たくあんは日本人の食べ物として70年代初頭の香港ではちょっと知られていたようだ。私は当時航空会社の社員で空港で日本人旅客の世話をしていた。同僚はみな香港の若い女性で職業柄日本に遊びに行った経験がある人が多かった。その彼女たちがみやげばなしにするのが「日本人は『黄蘿蔔(ウォンローバッ)』を好む」ということだった。黄蘿蔔というのは「黄色い大根」ということでたくあんのことだ。何にでも「黄大根」がついてくるので印象深かったのだろう。残念なことにあまり評判はよくなかった。

それを聞いていて私はハッと気がついた。レストランで食べるかぎり、中国料理には大根が出てこないのだ。日本料理における大根の重要性を考えるとこれはおどろくべきことではないだろうか。考えても見てください。日本料理から大根をとってしまったらいったいどうなるだろう。たくあんはもとより、だいこんおろしもさしみのツマも、ふろふきだいこんもおでんもない日本料理が考えられるだろうか。

市場に行けば大根は売っているから中国人が大根を食べない、ということはない。家庭では食べているはずなのだ。魯迅(ろじん)の「阿Q正伝」という小説には主人公が飢えにせまられて畑から大根を盗み、生でかじる、という描写がある。

でもレストランでは大根は出てこない。唯一の例外が飲茶で食べる「大根もち」だ。これはすりおろした大根と上新粉をまぜあわせて干しえびなどを入れて形をととのえ、油でいためたものだ。私は好きなのだけど大根の味はほとんどしない。それ以外ではスープの中にだしをとるために大根の薄切りがはいっているとか、ラー油のなかに切り込んであるとかいうぐらいしかなかった。中国料理では大根は下等な食材なのだろう。
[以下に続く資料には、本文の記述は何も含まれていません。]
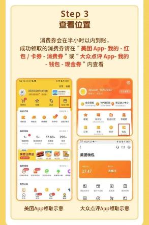 如何查看:消费券将在半小时内到账,成功领取的消费券请在“美团APP-我的-红包/卡券-消费券”或“大众点评APP-我的-钱包-现金券”内查看。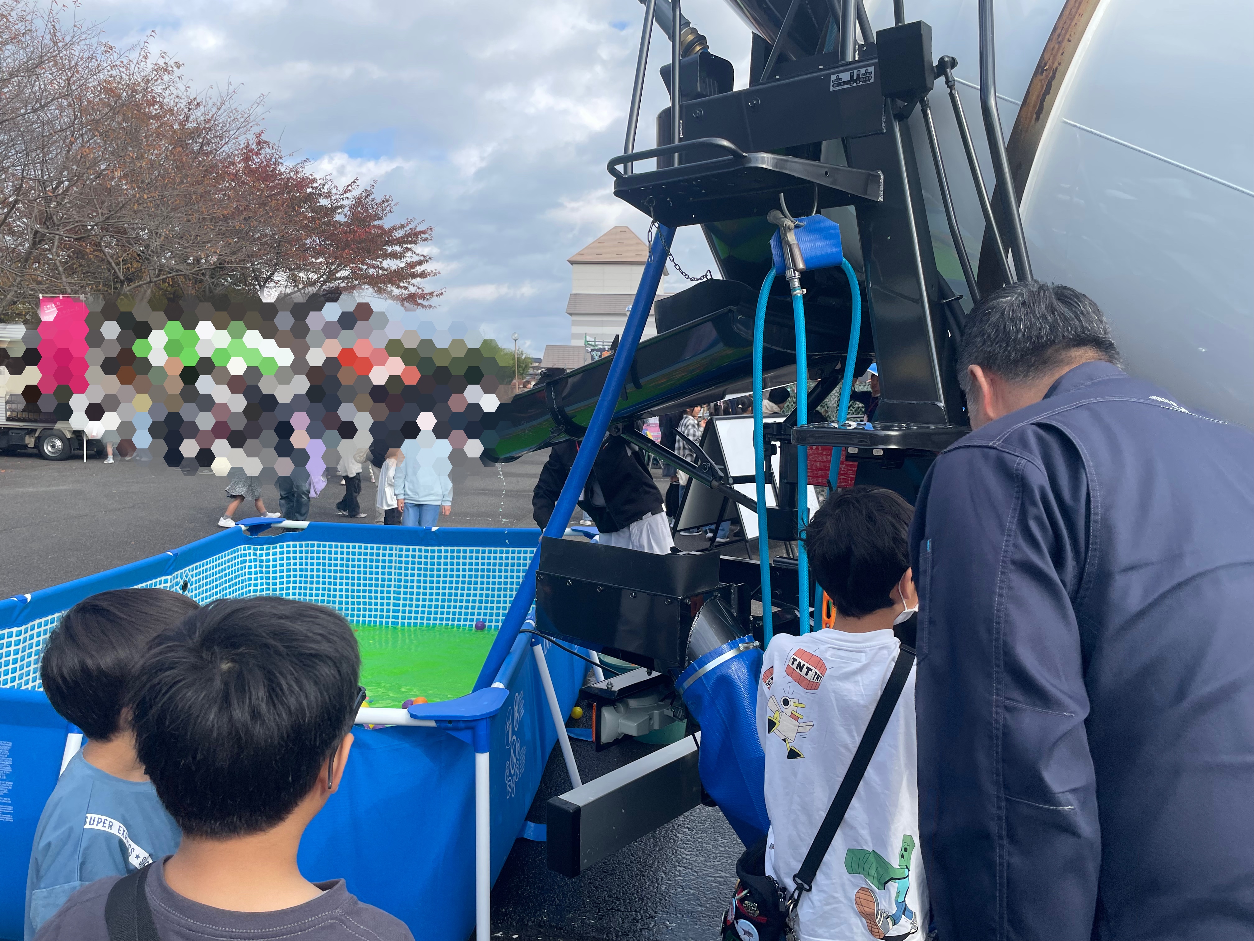 ミキサー車の操作体験をさせてもらって、子供たちは大喜びでした☆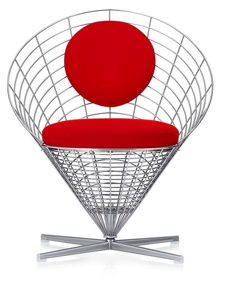 Chair Wire Cone Chair from Swiss manufacturer Vitra. The base is made of stainless steel. The frame is of Nickel-plated steel rods, fastened by welding. The seat cushion and the backrest are made with a filler of polyurethane foam and polyester fiber. Upholstery - textiles in different colours, from a range of companies.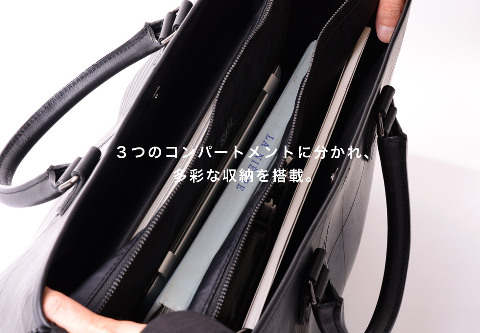 約10cmの拡張機能を搭載したスリムタイプのビジネスバッグバッグのエクスパンダブルモデル。 メインコンパートメントに約10cmの拡張機能を備えており、荷物が増えても問題なく対処できます。 手持ち、ショルダーと使い分けられる便利な2WAYタイプ。 そこ面には底鋲と底板を搭載し、拡張時には自立するビジネスバッグとして活躍します。 多彩な収納ポケットを搭載し、自分のスタイルに合わせて小分けが可能。 収納は3つのコンパートメントにわかれており、機能的な使い分けをしていただけます。 ハンドルには国産の上質な本革を採用。硬すぎず柔らかすぎず手になじむ肌触りです。 このスリムビジネスバッグ エクスパンダブルは、一個辺り約2,520gのCO2が削減されます。

中国でも大根を漬け物にすると聞いたことがあるが、少なくとも香港のレストランでは食べたことがない。

これを見ても日本料理と中国料理がいかに違うか、納得されるのではないだろうか。

干し野菜のことを書いていてつい脱線してしまった。日本では干し野菜を作るための専用のつりかごが売られているようで干し野菜を作るのは少しもめずらしいことではないのかもしれない。でも私にはまったく初めてのことで新鮮な経験だった。